The company has a note payable that incurs interest.  The amount incurred during this period that has not been paid must be recorded.  The amount is determined by principle x rate x time.

e.   Depreciation Expense
             Accumulated Depreciation

The company is using long term assets (P/P/E) to produce revenue.  The expense must be recorded in the same period the revenue is recorded (matching).

f.   Accounts Receivable
             Service Fees

A service was provided to a customer and the company forgot to invoice the customer.  This adjustment is recorded when it is discovered that a service was provided and not yet recorded.

g.   Interest Receivable
             Interest Revenue

The company loaned money to another party and is charging interest for the use of the money.   Interest is earned which is a revenue that must be recorded and a receivable is recorded when the cash has not yet been collected.   

h.  Rent Receivable
             Rent Revenue

The company is providing the use of an asset to another company and the service has been provided and the other company has not yet paid. 

13.  The account balances for the Hartford Co. on December 31st before adjusting entries are made are:

Accounts Debit Credit
Cash 15,000
Accounts Receivable 35,000
Supplies 12,000
Prepaid Insurance 8,000
Equipment 82,000
Accumulated Deprec. 20,000
Note Payable 10,000
Unearned Revenues 6,000
Capital Stock 1,000
Retained Earnings (1/1) 94,000
Sales 42,000
Salary Expense 4,000
Supplies Expense 12,000
Loss on Sales of Equipment 10,000
Gain on Sale of Investments 5,000

Additional Information, not yet recorded:

a.  Supplies on hand at year end totaled $18,000
b.  Unexpired prepaid insurance at the end of the year totaled $4,000.
c.  The cost of using the equipment totaled $10,000 for year.
d.  The note payable has an interest rate of 8%. The note was signed on September 1st of the current year
e.  Salaries expense, unpaid and unrecorded, totaled $3,000.
f.   Revenues unearned total $1,000 at year end.

Prepare all required adjusting journal entries for this year.

Check Your Answer
a.  Supplies                                 6,000
            Supplies Expense                  6,000

The asset supplies must equal what the company really has.  The account shows $12,000 so another $6,000 must be added to get to the $18,000 the company really has.   Not enough assets means too much expense was recorded and the expense must be decreased.

b.  Insurance Expense               4,000
            Prepaid Insurance                   4,000

The balance in the asset prepaid insurance must be the amount that the company still has paid ahead of time.  This is $4,000, so the balance of $8,000 must be decreased by $4,000 to get to the $4,000 left. The amount used this period is also an expense. Using an asset always is an expense.

c.  Depreciation Expense 10,000
            Accumulated Depreciation 10,000

There is not amount for depreciation expense yet so this must be recorded.  
The company has P/P/E so they will have an adjustment for depreciation.

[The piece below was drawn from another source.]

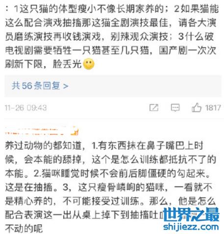 网友们如今非常担心,小猫已经被无良剧组因为拍戏需要而毒杀了,更反讽地表示,如果真的像剧组说的那样,那么这只猫应该拿奥斯卡了。

d.  Interest Expense                       267
            Interest Payable                         267

interest incurred is calculated:  principle x rate x time = interest expense
10,000 x .08 x 4/12 = $266.67 round to $267

You know no interest has been paid this period yet because there is no balance for interest expense yet.  You must record the entire amount incurred this period.  

e.   Salaries Expense                   3,000
            Salaries Payable                       3,000

Incurred means an expense occurred when the service was provided to the company.  This expense must be recorded in the period incurred; you can not wait to record the expense when it is paid later.  The unadjusted salary expense amount of $4,000 has been incurred and paid and you will must add to the expense the other $3,000 incurred that has not yet been paid.

f. Unearned revenues                   5,000
            Revenues                                     5,000

The current balance in unearned revenues is 6,000 and this must be 1,000, the amount that is still owed.  To get the balance in unearned revenue to $1,000 that you now owe you must decrease unearned revenues by $5,000.  Revenue that is no longer unearned is earned and revenue must also be increased.